REVIEW BY: Jason Warburg

ORIGINALLY PUBLISHED: 08/23/2005

Josh Joplin might be the most criminally underappreciated songwriter in America today.

Signed by Artemis Records a few years back, Joplin -- then making music with his eponymous Josh Joplin Group -- issued the strong but partially glossified album Useful Music and its brilliant, largely ignored follow-up The Future That Was . After spending time in the urban wilderness of New York, Joplin has re-emerged with what may be his most personal -- and most resonant -- set of songs yet.

Jaywalker, the new indie disc, finds this whip-smart songsmith writing and playing straight from the heart, with results that are nothing short of sublime.
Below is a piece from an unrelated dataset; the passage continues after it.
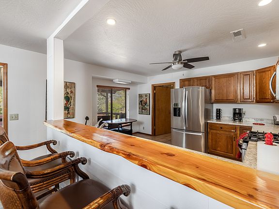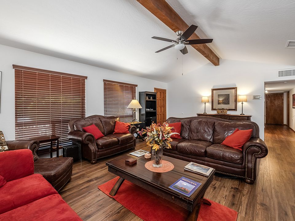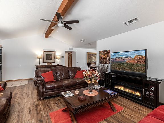 High Beamed Ceilings accentuate the open Floorplan in the Living Room area. A Game Table / Coffee Table extends to Enjoy Sports and Table Games in our Cabinet as well as a Flat Screen TV. A well stocked Gourmet Kitchen complete with Cooking Utensils, Pots & Pans, Dishes and Coffee .. everything needed to enjoy your stay. Large Master with Queen, with a private Ensuite, 1st guest room has a Double Bed and Twin, Flat Screen TV and a Rocking Chair with ottoman and Crib. The 2nd guest room has a Queen Size Bed with a Desk and Flat Screen TV. Relax on the Back Patio and Covered Deck area that looks out to the Sedona Red Rocks and a large private backyard. New "Arizona Room" fully equipped with a Treadmill & Weights, Stationary Bike, Reading Room, Music Room, TV and Game Room.
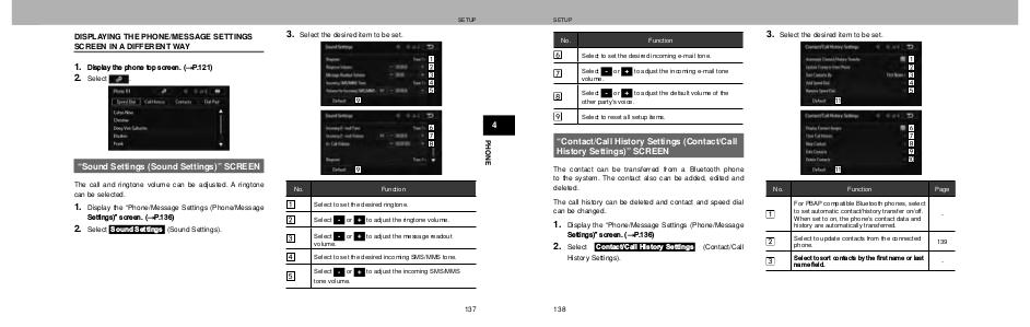 DISPLAYING THE PHONE/MESSAGE SETTINGS

This is pure, unadulterated Joplin, a compendium of slices of emotional life that are so true they ache, rendered in potent lyrics that shout craft and intelligence. The beauty of his work is that Joplin portrays the unpredictable tides of life with a matter-of-factness that's both detailed and organic, creating songs that tickle both the intellect and the emotions.

On the upbeat side of things, kickoff cut "Mr. New Year's Day" rings in the new album with a jangly rumination on change and renewal, as Joplin's band -- an assemblage of old friends, no big-name stunt-casting here -- rocks steady behind him, electric guitar, bass, drums and piano complimenting his own hard-strummed acoustic rhythm guitar.my_heart_sings_the_harmony_web_ad_alt_250

Things take a quick turn to the serious -- or perhaps seriously sardonic would be more accurate -- with "Pilgrim's Progress," a skewering of evangelical Christianity that reminds of Ben Folds' "Jesusland," casting the Christ as a Wal-Mart greeter and offering that "There's just so many sides to hate I forgot which side I'm on... Everybody loves the hometown team."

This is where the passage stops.